When in 1924 Lorente applied for a grant from the Junta para Ampliación de Estudios e Investigaciones Científicas (Council for the Extension of Studies and Scientific Research) to continue his research on the vestibular system in Uppsala, he reported in the text of his application a series of findings he had previously made in Cajal's lab and that he had discussed with Bárány during the vestibular course he taught in Zaragoza in December 1923. According to Lorente himself these included: (i) the discovery of five independent axonal systems contained within the vestibular nerve that arrive independently at the vestibular nucleus. Lorente proposed that each of these axon systems corresponds to each of the sensory organs of the posterior labyrinth. (ii) the description of direct connections between the cerebellum and the nuclei of the floor of the fourth ventricle, including fibres from Purkinje cells to the lateral vestibular nucleus (Deiters nucleus), which were known, but had not been so precisely described.

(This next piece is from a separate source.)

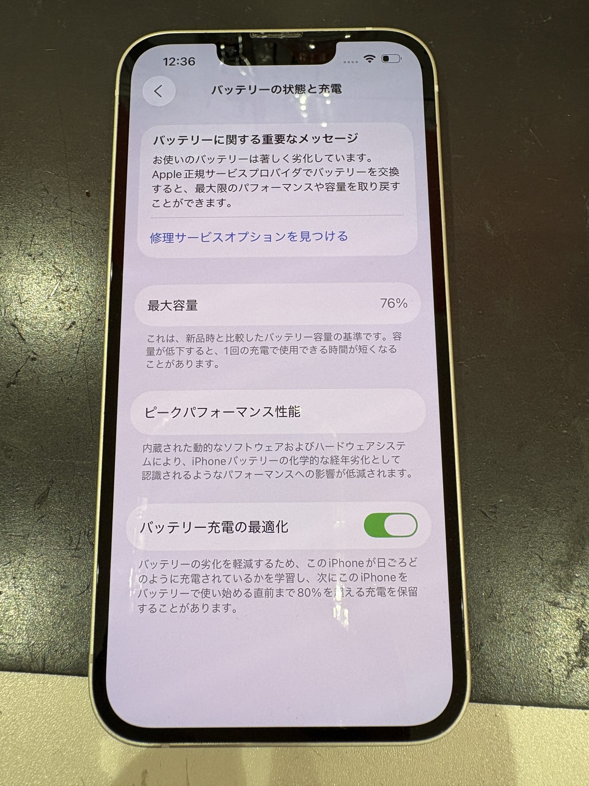 iPhone12 miniのバッテリー交換を即日対応|最大容量76%→100%に改善【川口市】

Lorente explained to Bárány that he had been able to demonstrate that each cerebellar region is connected to different areas of the vestibular nuclei, attributing new functions to the cerebellum; (iii) identification of connections between the cervical ganglia and the vestibular system, thus being able to explain the anatomical substrate of the cervico-ocular reflexes; (iv) describing connections between the restiform body and the vestibular nucleus, hitherto unknown; (v) identifying connections between the secondary vestibular pathways and the reticular substance of the medulla and midbrain, the origin of a large part of the vestibular reflexes [18].

Lorente also performed dissections with Bárány in Zaragoza where, by inducing lesions within the medulla oblongata, they were able to eradicate the fast phase of a vestibular nystagmus, with preservation of its slow phase [50]. Such lesions induced tonic labyrinthine reactions in the limbs despite these no longer being apparent in the eye. Recognising the talent of this young student, Bárány invited Lorente to carry out a research stay in Uppsala. Thus, Lorente was able to continue his research on the vestibular system in Uppsala from April 1924 (Fig. 2).

Fig. 2

Letter of acceptance of Lorente’s stay in Uppsala, signed in Madrid by Prof. Dr. R. Bárány. (Archivo de la Junta para Ampliación de Estudios e Investigaciones Científicas, Residencia de Estudiantes, Madrid, Spain).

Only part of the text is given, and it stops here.